[REYMONT Wladyslaw Stanislaw]. Handwritten eight-page letter from Wladyslaw Stanislaw Reymont to an unnamed Walery Karwaciński, dated. 24 III 1897 in Ouarville.
Double-sided manuscript on four cards form. 17.6x11.3 cm. Reymont thanks for the letter ("it gave me one brighter moment, of which I now have so terribly few") and writes, among other things: "unable to stand it any longer in France, beaten to the ground by this terrible winter, full of rain, mud and fog, bitten through by this stupid Polish nostalgia - I escaped for a romp to Switzerland [...]. Yes, I miss the Country, because not the people [...]. How this homeland here hypnotizes everyone [...]. I know simple peasants, ordinary working cattle, who fled the country driven by the instinct of ordinary movement, for whom country, homeland, were words as mysterious as differential calculus - and who today, after several years of breathing foreign air, give a significant portion of meager earnings for necessary purposes, this homeland only learned abroad, to whom there is never enough stories about the country, never enough dreams of rebuilding it [...]. And everyone is battered by nostalgia like dogs with rabies." He devotes a large part of the letter to literary work: "I used to dream about literature, while I was still a steamroller on the railroad, and it seemed to me at the time that if I entered it, if only into its anteroom, I would be as unreservedly happy there as I had ever been in my life.

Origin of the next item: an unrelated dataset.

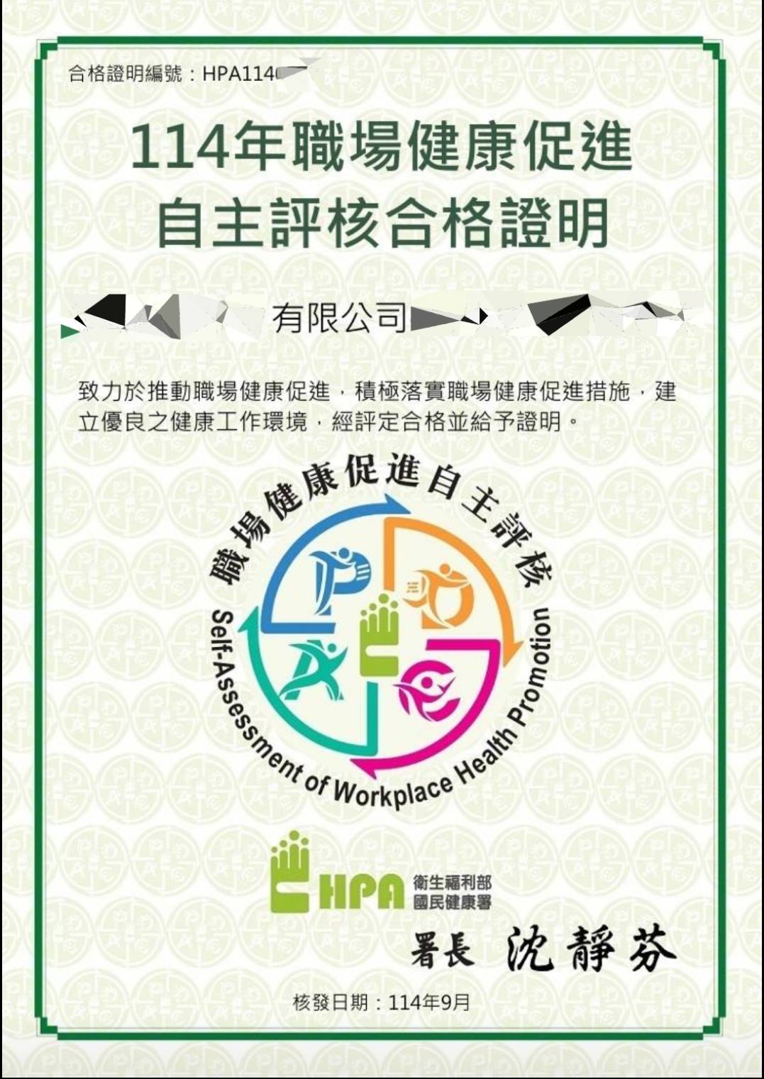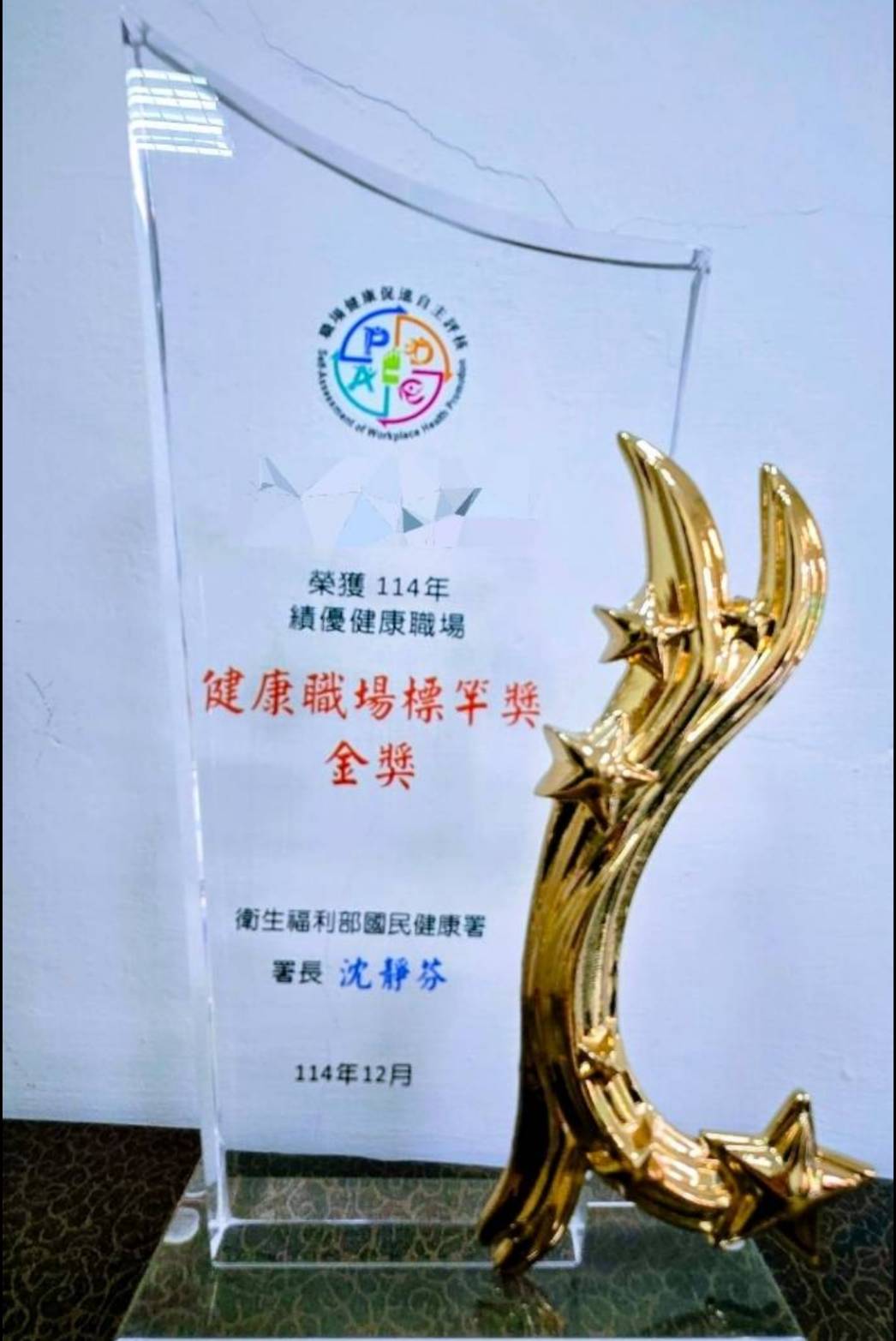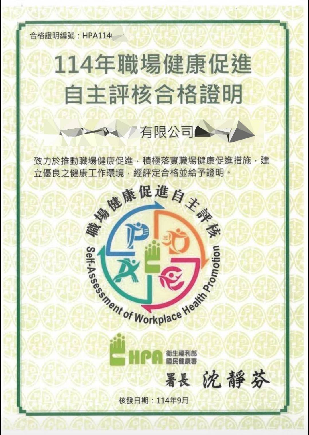 114年輔導廠家奪得績優健康職場標竿獎及健康促進自主評核並順利取得獎牌及合格證明書
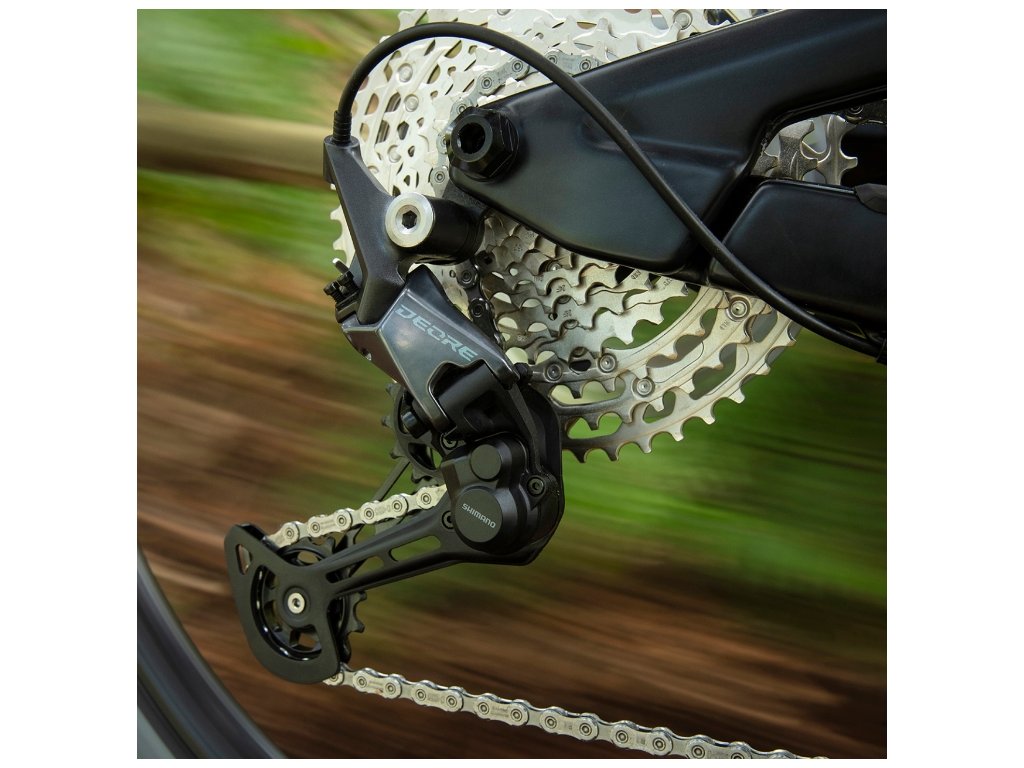 Nízkoprofilový dizajn prehadzovačky Deore M6100 Shadow RD+. Určená pre kombináciu prevodov 1x12 s kazetou s 10-51 zubov. Stabilizátor reťaze znižuje odskakovanie, nárazy a hlučnosť reťaze.

I entered [...] into the parade of literature, and this did not give me the anticipated happiness, but instead gave me a great deal of bitterness unknown before, even more sorrow, and a more fervent desire for that happiness which I found only in love." At the end he mentions "Promised Land" published in episodes. The letter is long, poignant in its sincerity of expression, and important. Published in: W. S. Reymont "Correspondence 1890-1923" (War. 2002, p. 163). Traces of folding, two pages torn.
W. S. Reymont (1867-1925) - considered "one of the most outstanding and important writers in the history of Polish literature" (Wikipedia), winner of the Nobel Prize in Literature for 1924.